■ **WHAT YOU HAVE TO DO**: Copy out the listing that follows, exact in every word, and skip the images.

*** DATA BELOW

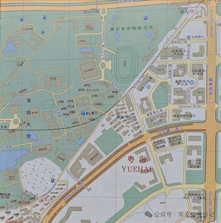 [嚴格地講,科技南一路是古代的岸線,白石路是當代(1970年代)的岸線。粵海街道,如它的名字,即是海,是由深大帶頭填出來的,並衍生出來的科技、生活盛世海岸家園。在新時期接着深大填出來的粵海街道高新科技聚集區,深大校友馬化騰的老樓在北,新樓在南。雄踞麻雀嶺的漢京中心俯視整個深大。]深鐵金融科技大廈恰在岬角終端下。旁是順豐科技總部(在深投控創智天地大廈)。中國儲能大廈(CES)顯赫。這就是1號線深大站C出口。車停深鐵金融科技大廈。停車費巨貴,一小時二十元。科苑路一路上坡到松坪山。
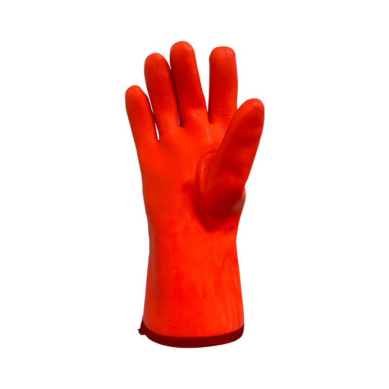 High visibility PVC dipped glove, full thick cotton fleece lined,fluorescent orange color,gauntlet, providing good protection against chemical risks.
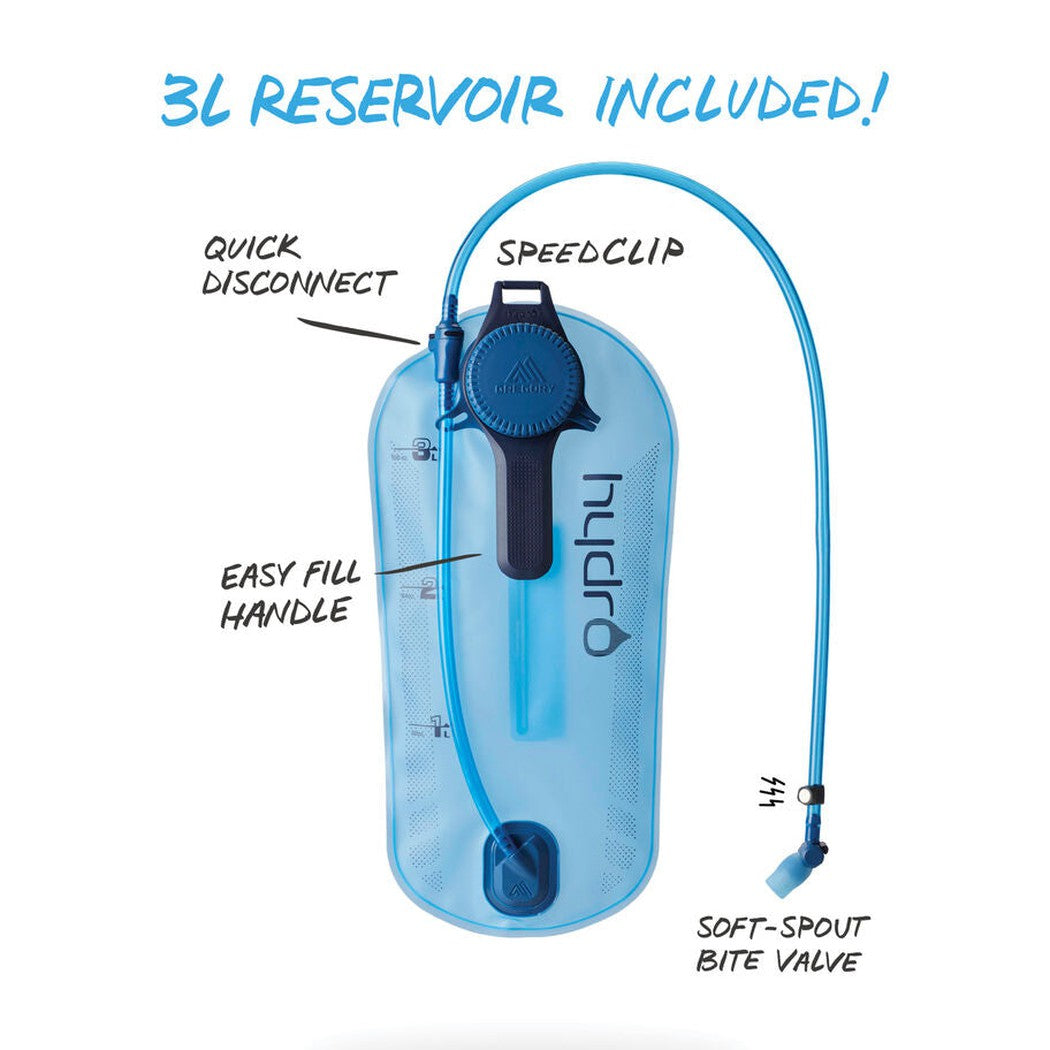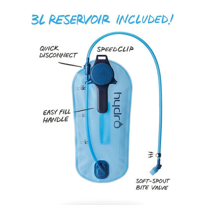 • Included 3L, quick-drying Hydro reservoir in separated zippered compartment helps you stay hydrated on the move.

******

■ **ANSWER SECTION**:
 [嚴格地講,科技南一路是古代的岸線,白石路是當代(1970年代)的岸線。粵海街道,如它的名字,即是海,是由深大帶頭填出來的,並衍生出來的科技、生活盛世海岸家園。在新時期接着深大填出來的粵海街道高新科技聚集區,深大校友馬化騰的老樓在北,新樓在南。雄踞麻雀嶺的漢京中心俯視整個深大。]深鐵金融科技大廈恰在岬角終端下。旁是順豐科技總部(在深投控創智天地大廈)。中國儲能大廈(CES)顯赫。這就是1號線深大站C出口。車停深鐵金融科技大廈。停車費巨貴,一小時二十元。科苑路一路上坡到松坪山。
 High visibility PVC dipped glove, full thick cotton fleece lined,fluorescent orange color,gauntlet, providing good protection against chemical risks.
 • Included 3L, quick-drying Hydro reservoir in separated zippered compartment helps you stay hydrated on the move.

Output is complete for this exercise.